Oppenheimer filed the Amended Complaint on September 17, 2012. As noted, it includes two claims for breach of contract. In the first cause of action, Oppenheimer alleges that the $50 million loan that it secured for Trans Energy through the Chambers Financing was an “equity linked ... obligation” within the meaning of Section (d)(ii) of the contract and that Defendants were therefore obligated to pay Oppenheimer a placement fee of 3% of the gross proceeds of the transaction. (Compl. ¶¶ 38–44). In its second cause of action, Oppenheimer asserts that even if the loan was not an “equity linked ... obligation,” it was a kind of security or indebtedness not specifically provided for under the contract, and that Section (d)(iv) of the contract therefore required the parties to negotiate in good faith to determine an appropriate placement fee. ( Id. ¶¶ 45–51 & Ex. A).

DISCUSSION

A. Applicable Law

Defendants move to dismiss the Complaint in its entirety pursuant to Rule 12(b)(6). In reviewing a motion to dismiss a breach of contract claim pursuant to Rule 12(b)(6), the Court may interpret a contract properly before it, but it must resolve all ambiguities in the contract in the plaintiff's favor. See, e.g., Serdarevic v. Centex Homes, LLC, 760 F.Supp.2d 322, 328–29 (S.D.N.Y.2010). “While this standard of review favors the plaintiff, it is not so liberal that a ‘threadbare’ recital of the elements of a claim, ‘supported by mere conclusory statements,’ can suffice to defeat a motion to dismiss.” Interpharm, Inc. v. Wells Fargo Bank, 655 F.3d 136, 141 (2d Cir.2011) (quoting Mortimer Off Shore Servs. v. Fed. Republic of Germany, 615 F.3d 97, 114 (2d Cir.2010)). To the contrary, a complaint must contain enough “factual content” to allow a court “to draw the reasonable inference that the defendant is liable for the misconduct alleged.” Ashcroft v. Iqbal, 556 U.S. 662, 678, 129 S.Ct. 1937, 173 L.Ed.2d 868 (2009). Further, a court is “not constrained to accept the allegations of the complaint in respect of the construction of the [a]greement.” Int'l Audiotext Network, Inc. v. Am. Tel. & Tel. Co., 62 F.3d 69, 72 (2d Cir.1995). Instead, where, as here, certain contracts are integral to the complaint, a court may consider those documents when assessing the merits of the motion to dismiss. See, e.g., Interpharm, 655 F.3d at 141.

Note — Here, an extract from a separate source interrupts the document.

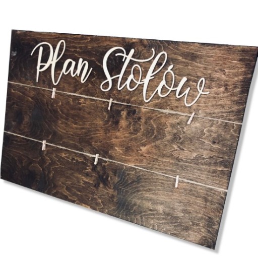 W zestawie z drewnianą tablicą dołączamy również jutowy sznurek oraz spinacze, które pomogą umieścić na planie kartki z imionami.

In Plaintiff's Memorandum in Opposition to Defendants' Motion to Dismiss, it relies on a now defunct standard for a motion under Rule 12(b)(6)—namely, that “a complaint should not be dismissed for insufficiency unless it appears to a certainty that plaintiff is entitled to no relief under any state of facts which could be proved in support of the claim.” Geisler v. Petrocelli, 616 F.2d 636, 639 (2d Cir.1980) (discussing Conley v. Gibson, 355 U.S. 41, 45, 78 S.Ct. 99, 2 L.Ed.2d 80 (1957)). The Supreme Court “explicitly rejected” this “no set of facts” standard in Bell Atlantic Corporation v. Twombly, 550 U.S. 544, 127 S.Ct. 1955, 167 L.Ed.2d 929 (2007). Boykin v. KeyCorp, 521 F.3d 202, 213 (2d Cir.2008).

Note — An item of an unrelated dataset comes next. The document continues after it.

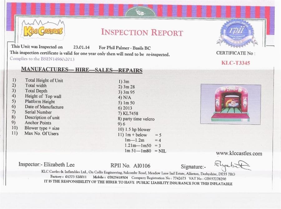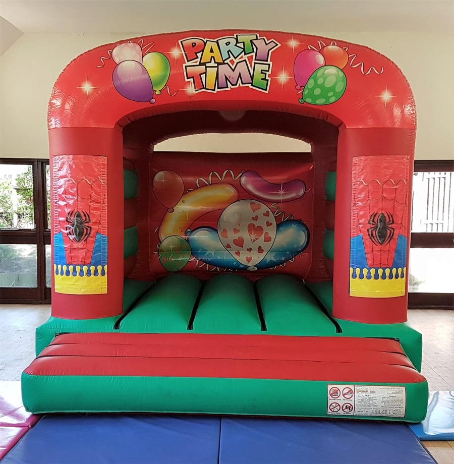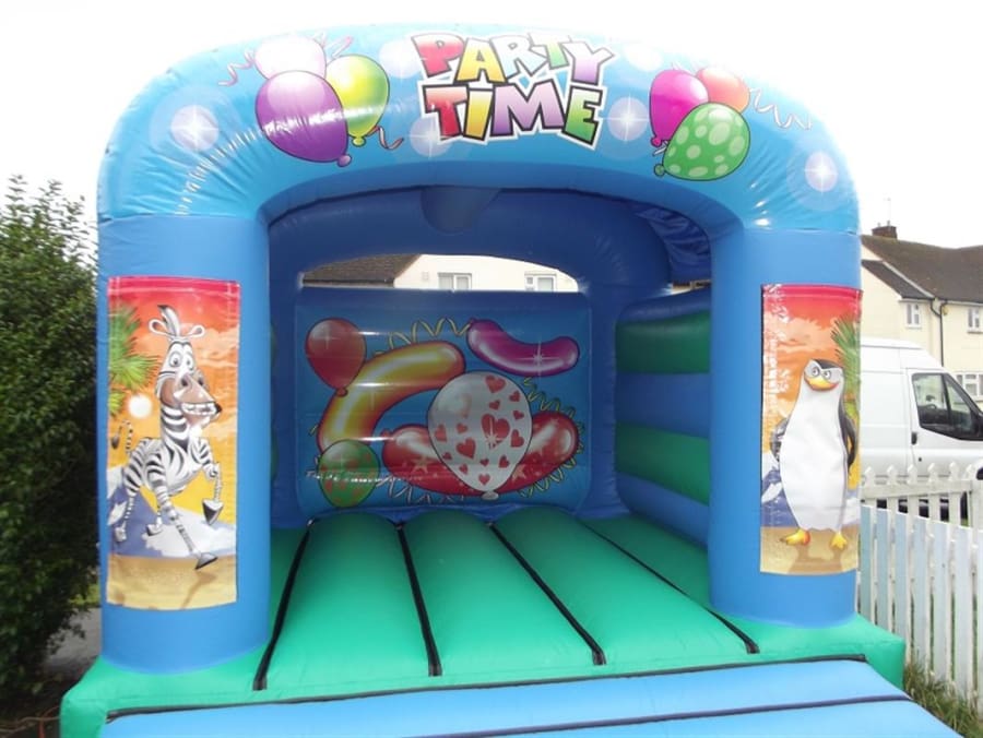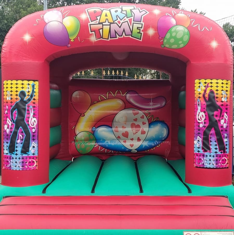 Party Time Themed bouncy castle with any artwork seen available on our website fixed to the columns

To establish a breach of contract under New York law, a plaintiff must show “(1) the existence of an agreement, (2) adequate performance of the contract by the claimant, (3) breach of contract by the accused, and (4) damages.” Stadt v. Fox News Network LLC, 719 F.Supp.2d 312, 318 (S.D.N.Y.2010) (internal quotation marks and alterations omitted). A written contract must be interpreted according to the parties' intent, which is “derived from the plain meaning of the language employed in the agreements.” In re Lehman Bros. Inc., No. 11 Civ. 6053(KBF), 478 B.R. 570, 586 (S.D.N.Y.2012) (internal quotation marks omitted). In a dispute over the meaning of a contract, the threshold question is whether the contract terms are ambiguous, see, e.g., Krumme v. WestPoint Stevens Inc., 238 F.3d 133, 138 (2d Cir.2000), which is a question of law for the Court to decide on a claim-by-claim basis, see, e.g., Broder v. Cablevision Sys. Corp., 418 F.3d 187, 197 (2d Cir.2005); Eternity Global Master Fund Ltd. v. Morgan Guar. Trust Co., 375 F.3d 168, 178 (2d Cir.2004). A contract is unambiguous when it has “ ‘a definite and precise meaning, unattended by danger of misconception in the purport of the contract itself, and concerning which there is no reasonable basis for a difference of opinion.’ ” Olin Corp. v. Am. Home Assur. Co., 704 F.3d 89, 99 (2d Cir.2012) (quoting Hunt Ltd. v. Lifschultz Fast Freight, Inc., 889 F.2d 1274, 1277 (2d Cir.1989)).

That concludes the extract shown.